Assigned task: The answer must consist solely of the lines from the start of the records through the line containing "2022학년도 한국산업기술대학교 편입학 모집요강입니다.", restated word for word, with no pictures.

[Opening Exercise material section]

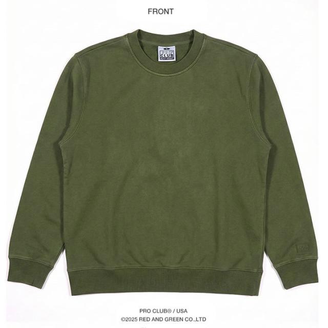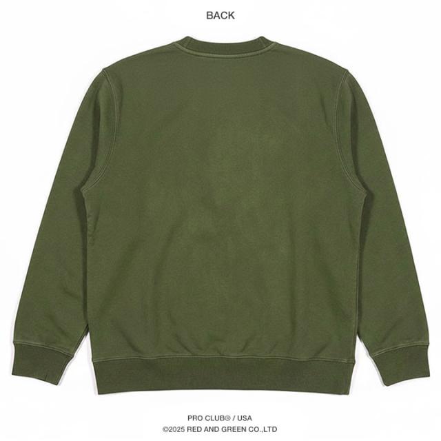 PRO CLUB トレーナー ブランド スケボー 長袖 スウェット メンズ レディース 春秋冬用 オリーブ 大きいサイズ プロクラブ USA トップス 無地 ヴィンテージウォッシュ OD色 ミリタリー ビッグシルエット b系 ヒップホップ ファッション ストリート系 服 2026春 新作 44PC0102
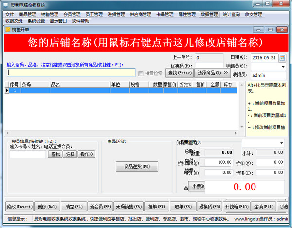 灵秀电脑收银系统是一款适用于各行各业,功能齐全,提供了电脑收银,会员管理,打印小票等功能的电脑收银系统。还可以连接会员读卡器、扫描枪、电子秤等设备,欢迎下载!
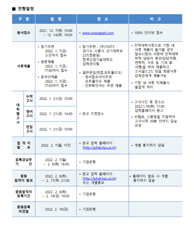 2022학년도 한국산업기술대학교 편입학 모집요강입니다.
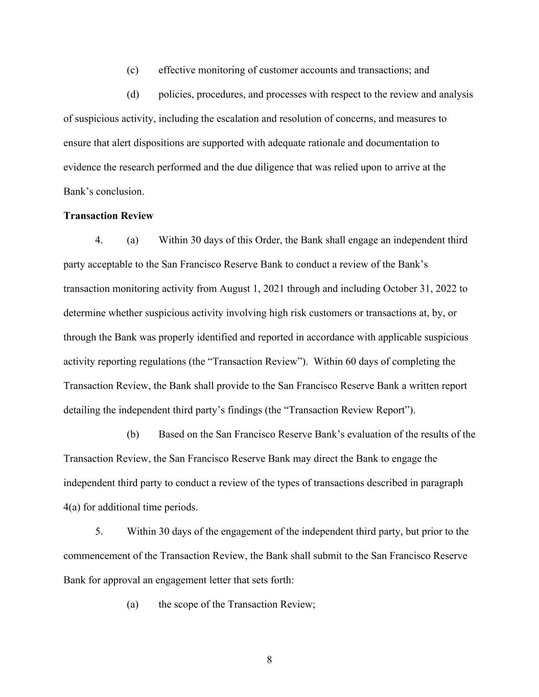8 (c) effective monitoring of customer accounts and transactions; and (d) policies, procedures, and processes with respect to the review and analysis of suspicious activity, including the escalation and resolution of concerns, and measures to ensure that alert dispositions are supported with adequate rationale and documentation to evidence the research performed and the due diligence that was relied upon to arrive at the Bank’s conclusion. Transaction Review 4. (a) Within 30 days of this Order, the Bank shall engage an independent third party acceptable to the San Francisco Reserve Bank to conduct a review of the Bank’s transaction monitoring activity from August 1, 2021 through and including October 31, 2022 to determine whether suspicious activity involving high risk customers or transactions at, by, or through the Bank was properly identified and reported in accordance with applicable suspicious activity reporting regulations (the “Transaction Review”). Within 60 days of completing the Transaction Review, the Bank shall provide to the San Francisco Reserve Bank a written report detailing the independent third party’s findings (the “Transaction Review Report”). (b) Based on the San Francisco Reserve Bank’s evaluation of the results of the Transaction Review, the San Francisco Reserve Bank may direct the Bank to engage the independent third party to conduct a review of the types of transactions described in paragraph 4(a) for additional time periods. 5. Within 30 days of the engagement of the independent third party, but prior to the commencement of the Transaction Review, the Bank shall submit to the San Francisco Reserve Bank for approval an engagement letter that sets forth: (a) the scope of the Transaction Review;
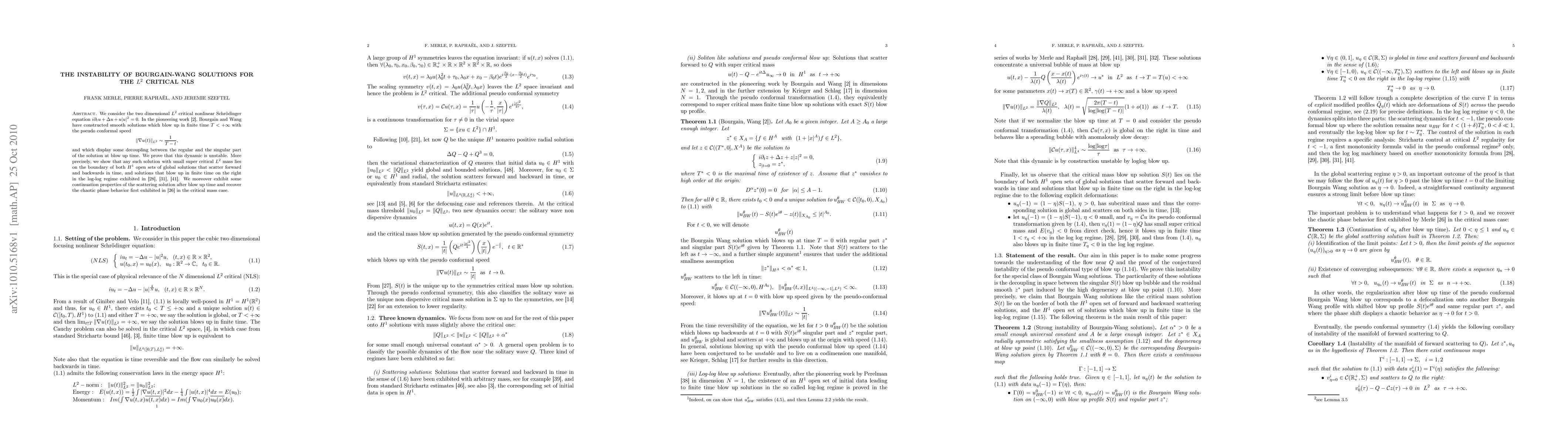 We consider the two dimensional $L^2$ critical nonlinear Schr\"odinger equation $i\pa_tu+\Delta u+u|u|^2=0$. In the pioneering work \cite{BW}, Bourgain and Wang have constructed smooth solutions which blow up in finite time $T<+\infty$ with the pseudo conformal speed $$\|\nabla u(t)\|_{L^2}\sim \frac{1}{T-t},$$ and which display some decoupling between the regular and the singular part of the solution at blow up time. We prove that this dynamic is unstable. More precisely, we show that any such solution with small super critical $L^2$ mass lies on the boundary of both $H^1$ open sets of global solutions that scatter forward and backwards in time, and solutions that blow up in finite time on the right in the log-log regime exhibited in \cite{MR1}, \cite{MR4}, \cite{R1}. We moreover exhibit some continuation properties of the scattering solution after blow up time and recover the chaotic phase behavior first exhibited in \cite{Mcpam} in the critical mass case
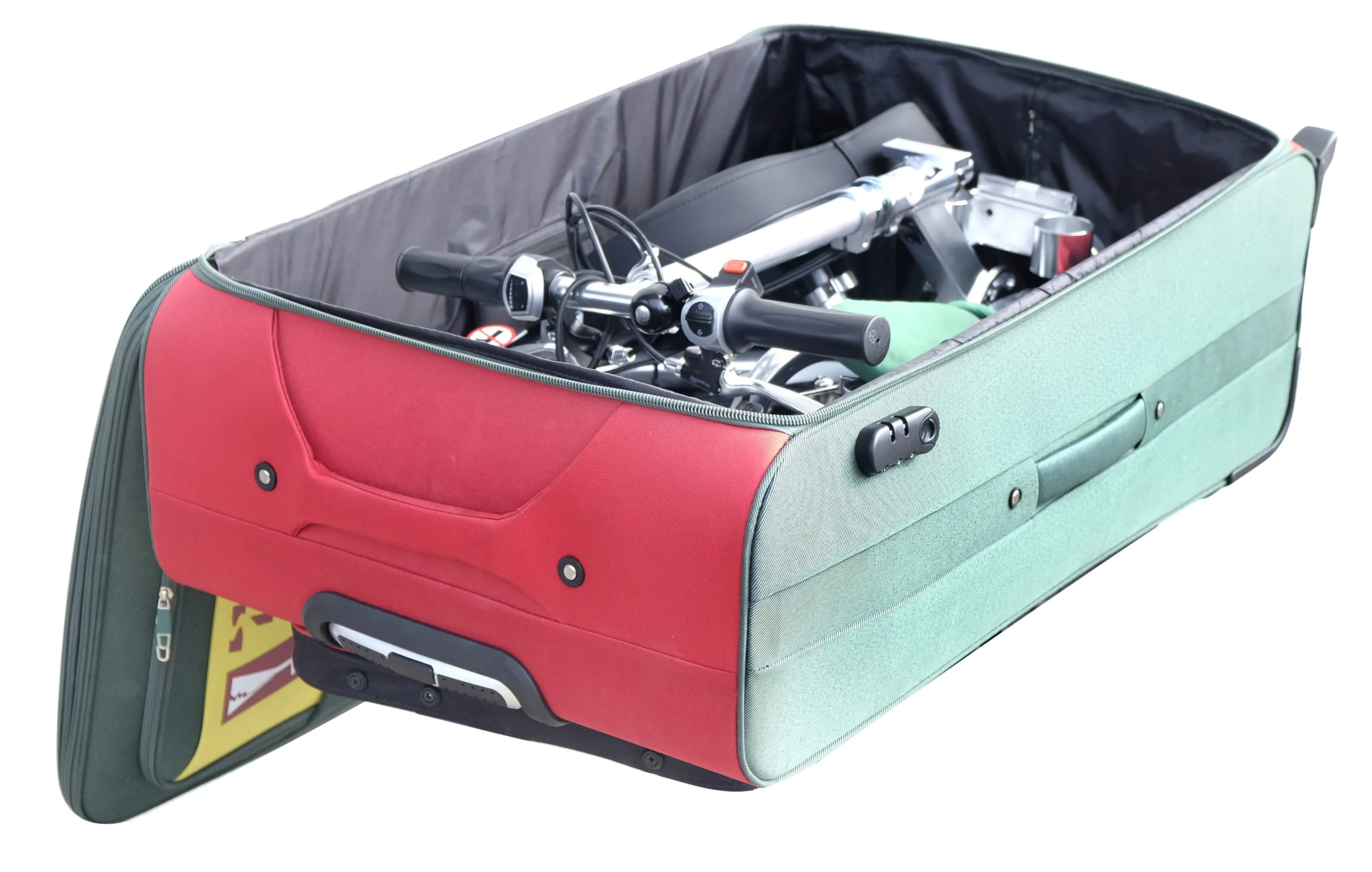 Das innovative Klapp-System des TravelScoot ™ Escape erlaubt mit einem Knopfdruck das Falten so flach, dass er in praktisch jedem Kofferraum Platz findet. Das komplette Sitz-Modul samt Halterung kann durch Öffnen einer einzigen Klemme entfernt werden. Wenn nötig, kann auch es schnell in drei Teile zerlegt werden. Auch das Vorderrad löst sich in Sekunden per Knopfdruck. Der verbleibende Rahmen wiegt weniger als 10 kg. Aber in den meisten Fällen reicht es, den Lenker tiefer zu stellen und die Rückenlehne zu entfernen, ebenfalls in nur wenigen Sekunden.
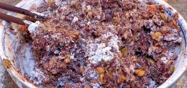 6:接着加入2大勺面粉,用筷子搅拌均匀,搅成这样子就可以了。
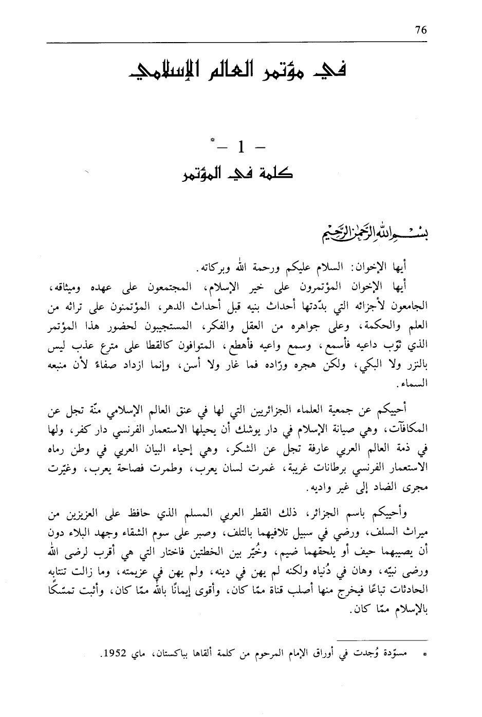 * مسوّدة وُجدت في أوراق الإمام المرحوم من كلمة ألقاها بباكستان، ماي 1952.
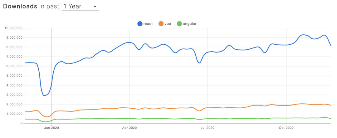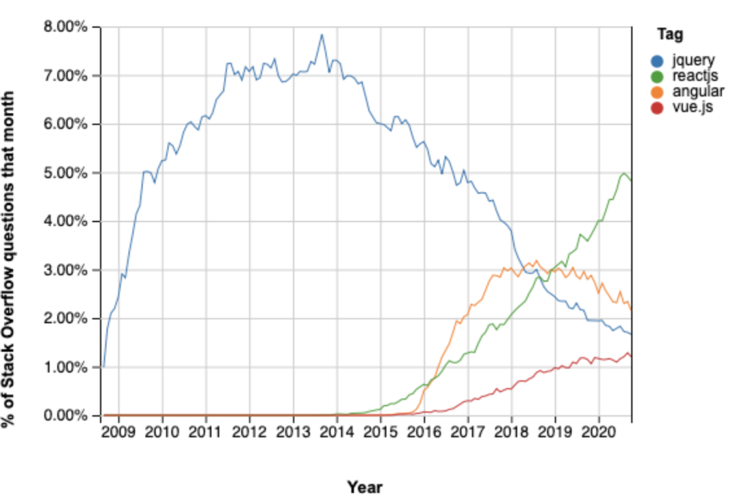 2020 年的 StackOverflow Trends 显示 React> Vue.js > Angular;
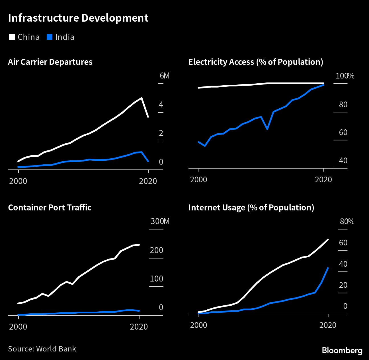 But on other measures, China is still far ahead. Though India has some of the lowest phone tariff rates in the world, internet usage trails China, which has also zoomed past India on everything from air carrier departures to container port traffic.
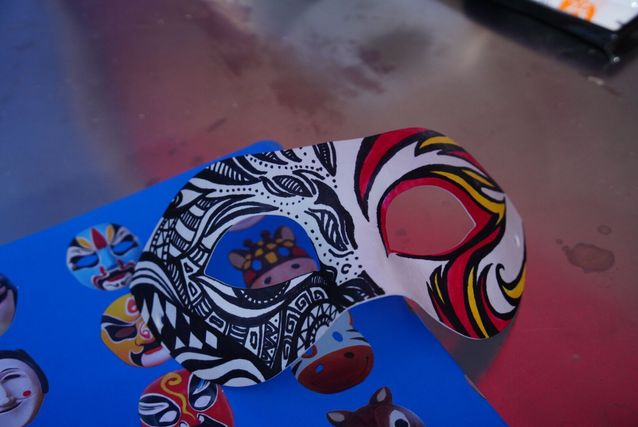 画笔流转,色彩交织。在“面具绘心”区域,师生们或凝神构思,或挥笔创作,将内心深处难以言表的情绪,无论是喜悦、憧憬还是释然,转化为面具上独具匠心的图案与浓淡相宜的色彩。在这场专注而自由的表达中,大家逐渐卸下疲惫,释放压力,实现了心灵与艺术的深度对话。
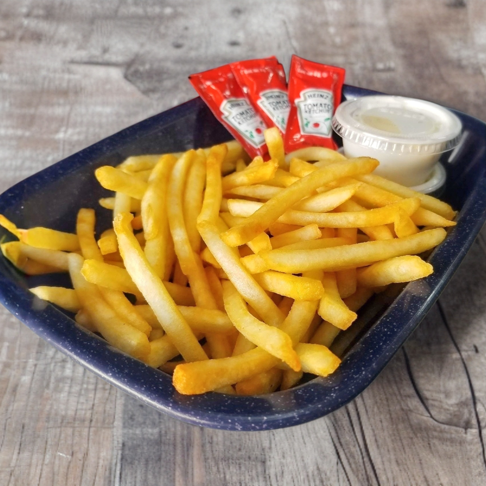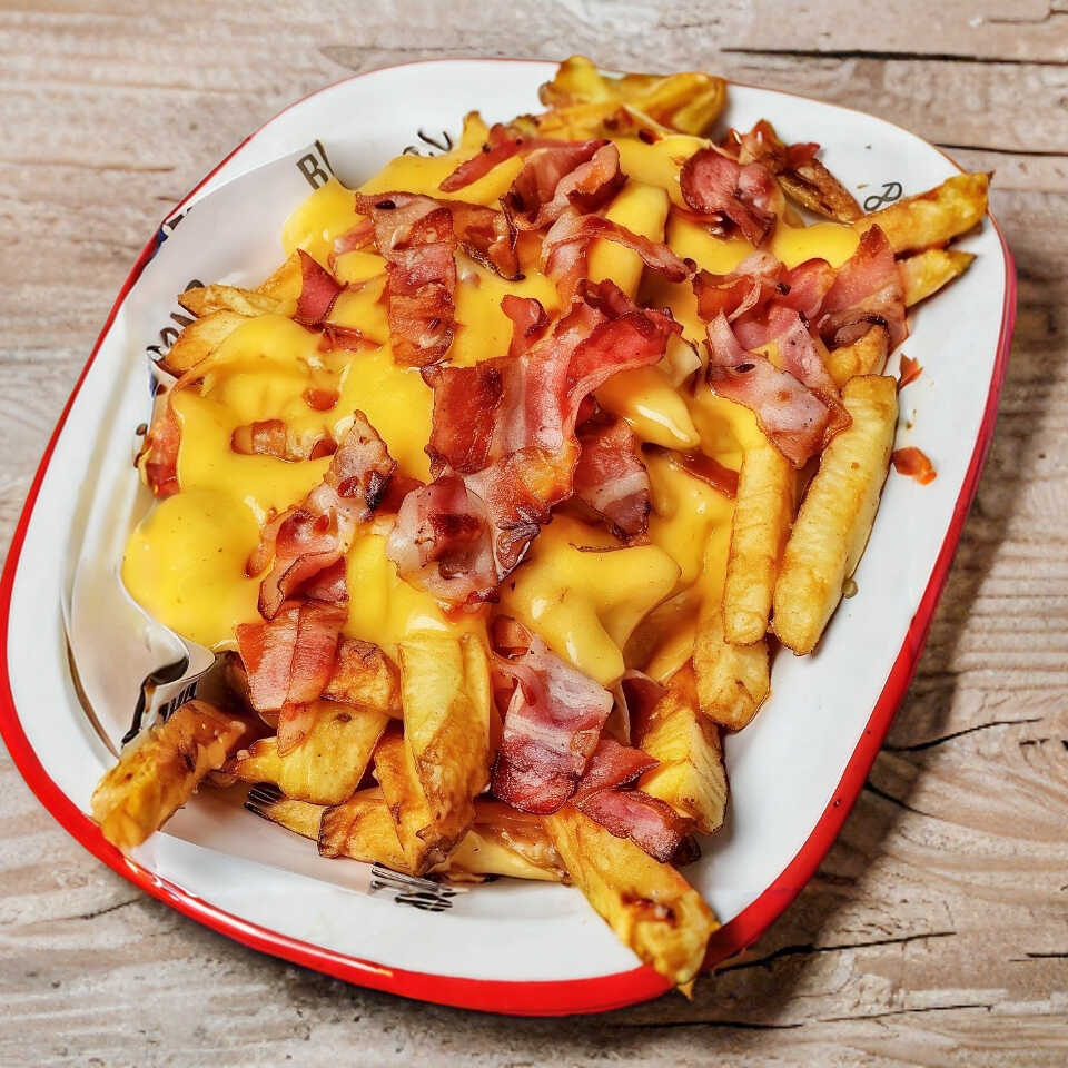 Papas a la francesa con queso y tocino
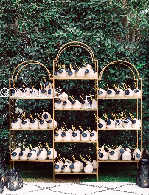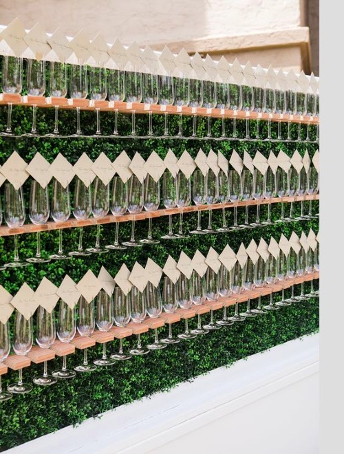 Another trend that brings a lot of character are interactive escort displays. The guests play their part in finding their name/seat number but are also invited to participate in the fun! Adding a special treat is a great way to get the party started! Glasses of champagne or a touch of sweet is a new and creative way to get guests in the wedding mood and have a exciting start from the gecko!
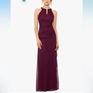NWT Betsy & Adam | Petra Sheer Matte Embellished Keyhole Evening Dress Purple 6
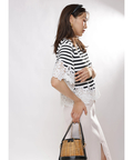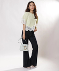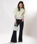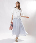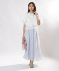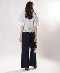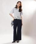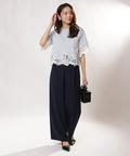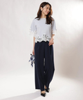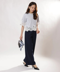 シンプルなクルーネックに華やかなディテールをプラスし、一枚で着映えを叶えます。
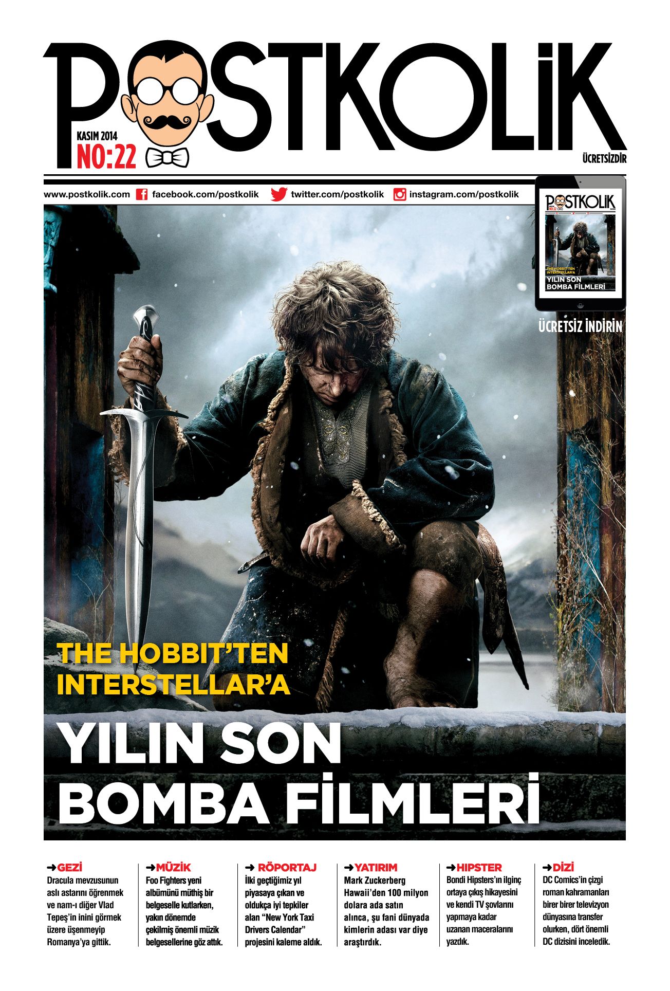 Türkiye’nin en çok konuşulan gençlik/yaşam stili dergileri arasına kısa sürede girerek özellikle işlediği konular ve 30 binin üzerinde okuyucusuyla appstore’un en popüler dergilerinden biri Postkolik, Kasım sayısında dolu dolu 48 sayfalık bir içerikle okuyucularına ulaşıyor. Bu yılın en çok merak edilen filmleri The Hobbit: The Battle of Five Armies ve Interstellar, Postkolik farkıyla inceleniyor.
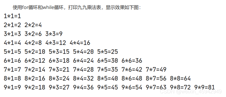 打印九九乘法表?

[Closing Exercise material section]

Answer box:
 PRO CLUB トレーナー ブランド スケボー 長袖 スウェット メンズ レディース 春秋冬用 オリーブ 大きいサイズ プロクラブ USA トップス 無地 ヴィンテージウォッシュ OD色 ミリタリー ビッグシルエット b系 ヒップホップ ファッション ストリート系 服 2026春 新作 44PC0102
 灵秀电脑收银系统是一款适用于各行各业,功能齐全,提供了电脑收银,会员管理,打印小票等功能的电脑收银系统。还可以连接会员读卡器、扫描枪、电子秤等设备,欢迎下载!
 2022학년도 한국산업기술대학교 편입학 모집요강입니다.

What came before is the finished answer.